AND and OR conditions

OR conditions

  • Evaluate OR conditions
SELECT * FROM drivers
WHERE (nationality = 'Brazilian') OR (nationality = 'German');

AND conditions

  • Evaluate AND conditions
SELECT * FROM drivers
WHERE (nationality = 'German') AND (driver_id = 3);

Data description

Aggregate

  • To compute aggregate statistics use a statistic function, such as SUM() or AVG()
  • The AS is an alias which assigns a name to the aggregate statistic
SELECT SUM(victories) AS sum_victories,
       COUNT(*) AS num_rows,
       AVG(victories) AS mean_victories,
       MIN(victories) AS min_victories,
       MAX(victories) AS max_victories
FROM drivers;

Sort

  • Use ORDER BY to sort the data
  • Order in ascending order of victories with ASC (DESC for descending)
SELECT driver_name, victories FROM drivers
ORDER BY victories ASC;

Exercise 02

  • List drivers who are either ‘German’ or ‘British’ and have victories greater than 50
  • List all drivers with victories greater than the average victories
    • Hint: you will have to run another SELECT command to get the average victories (a subquery)
    • Aggregate functions are not allowed in the WHERE clause. See the reason why here. More about subqueries here.
    • We will see another way to do this soon (with HAVING)
  • Appendix 02

Groupby + Aggregate

Groupby

  • Use GROUP BY to group data by a column
SELECT nationality,
       SUM(victories) AS sum_victories,
       AVG(victories) AS mean_victories,
       MIN(victories) AS min_victories,
       MAX(victories) AS max_victories
FROM drivers
GROUP BY nationality;

Round

  • Use ROUND() to round the values
  • The first argument is the value to be rounded and the second is the number of decimal places
SELECT nationality,
       SUM(victories) AS sum_victories,
       ROUND(AVG(victories), 1) AS mean_victories,
       MIN(victories) AS min_victories,
       MAX(victories) AS max_victories
FROM drivers
GROUP BY nationality;

Filtering after aggregating with HAVING

  • Use HAVING to filter variables after aggregating
  • This differs from WHERE, which is used to filter variables before aggregating
SELECT nationality,
       SUM(victories) AS sum_victories,
       ROUND(AVG(victories), 1) AS mean_victories,
       MIN(victories) AS min_victories,
       MAX(victories) AS max_victories
FROM drivers
GROUP BY nationality
HAVING SUM(victories) > 50;
  • The command above computes the same table as the previous one
  • Then filters with HAVING

Python vs. SQL

  • Here are some equivalences between Python and SQL commands
SQL Command Pandas Equivalent
SELECT df[['column1', 'column2']]
INSERT INTO df.loc[new_index] = new_row or df = df.append(new_row, ignore_index=True)
WHERE df[df['column'] == value]
GROUP BY df.groupby('column')
HAVING df.groupby('column').filter(lambda x: condition)
ROUND() df['column'].round(decimals)
Aggregate Functions df.groupby('column').agg({'col1': 'sum', 'col2': 'mean', 'col3': 'min', 'col4': 'max'})


-- SQL
SELECT nationality,
       SUM(victories) AS sum_victories
FROM drivers
GROUP BY nationality
HAVING SUM(victories) > 10;
# Python
import pandas as pd

# Group by 'nationality' and calculate 'sum_victories' using agg()
result = (
    drivers.groupby('nationality')
    .agg(sum_victories=('victories', 'sum'))
    .reset_index()
)

# Apply 'HAVING' condition
result = result[result['sum_victories'] > 10]

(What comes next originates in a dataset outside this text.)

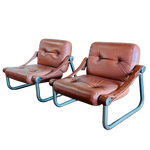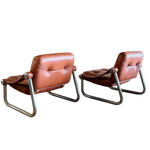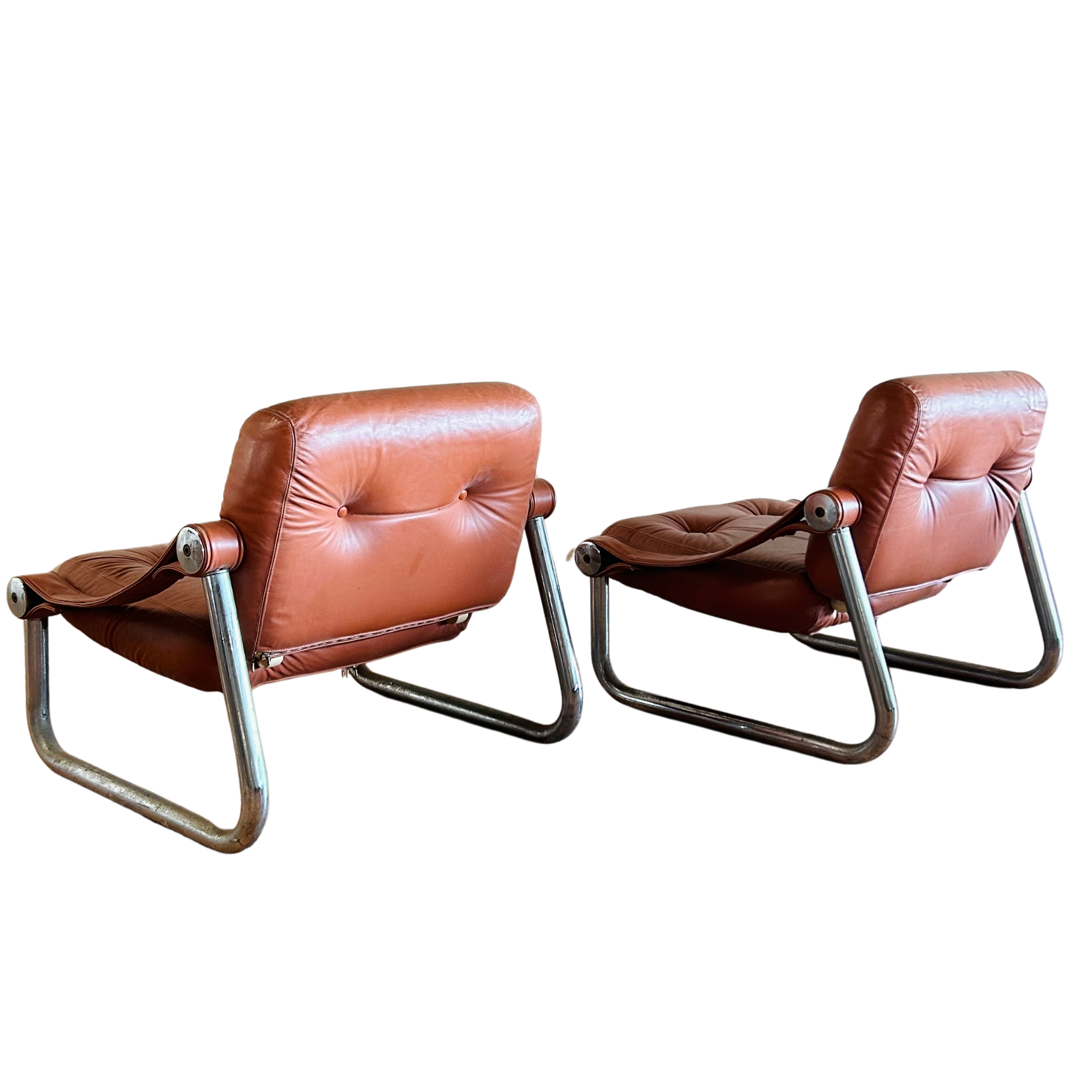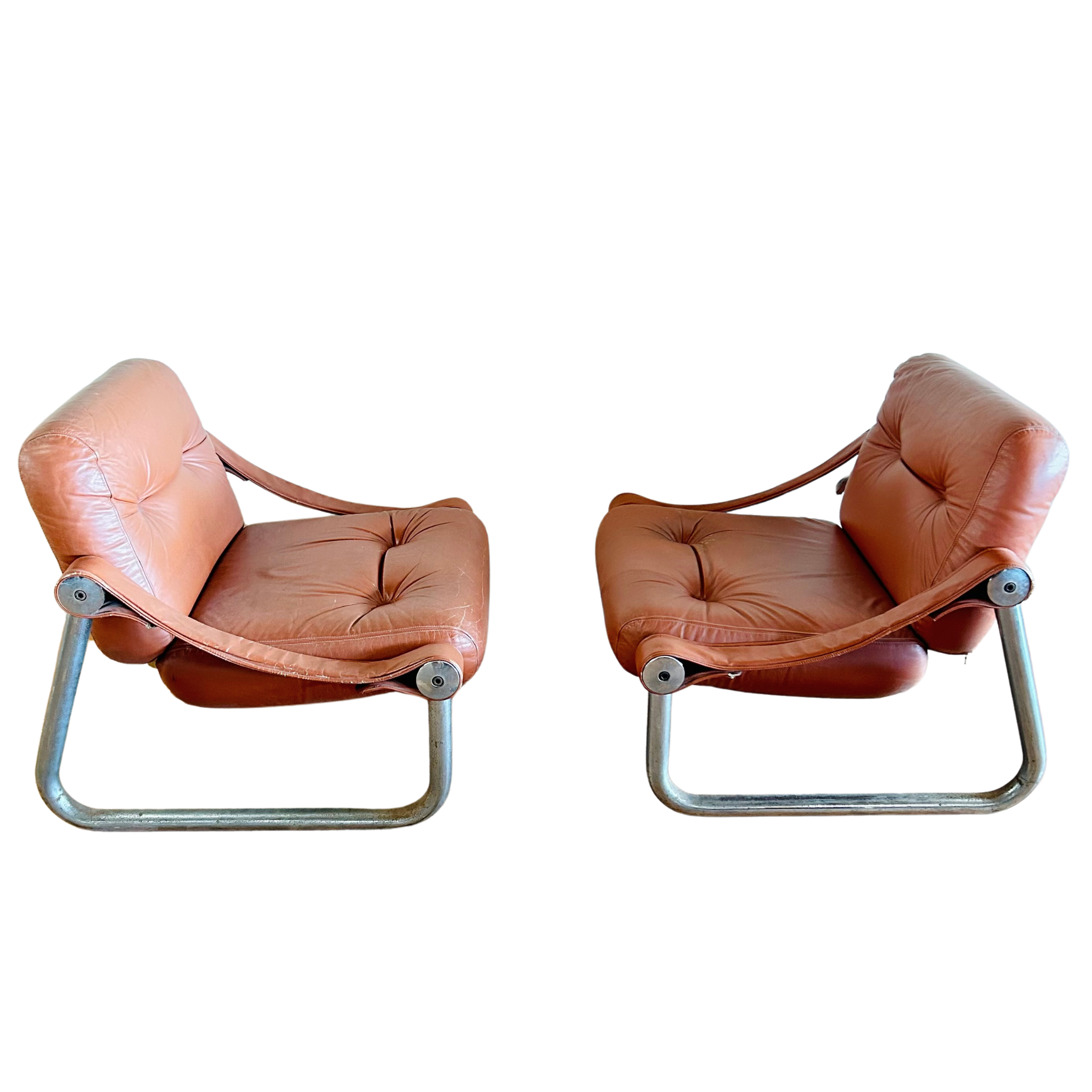 SALE- marked down from $2,450/ pair. 4 Chairs Total, Sold in Pairs. Pair of Italian armchairs with chrome frames and leather sling seats. The angled design offers a relaxed sit, while the visible hardware adds a subtle industrial touch. Streamlined, functional, and well worn in all the right ways.

Do you want to learn more? 🤓

And that’s it for today! 🚀

See you next time! 😊

Appendix 01

  • Here is the code to create the students table and add the rows
  • You can paste this code into the SQL editor and click on the Execute (▶️) button to run the code
DROP TABLE IF EXISTS students;

CREATE TABLE students(
    student_id int,
    student_name varchar(30),
    major varchar(30),
    gpa float
);

INSERT INTO students VALUES (1, 'John Doe', 'Computer Science', 3.5);

INSERT INTO students VALUES (2, 'Jane Doe', 'Mathematics', 3.8);

SELECT * FROM students;

Appendix 02

  • Here is the code to list drivers who are either ‘German’ or ‘British’ and have victories greater than 50
SELECT driver_name, nationality, victories
FROM drivers
WHERE (nationality = 'German' OR nationality = 'British') AND victories > 50;

SELECT driver_name, victories
FROM drivers
WHERE victories > (SELECT AVG(victories) FROM drivers);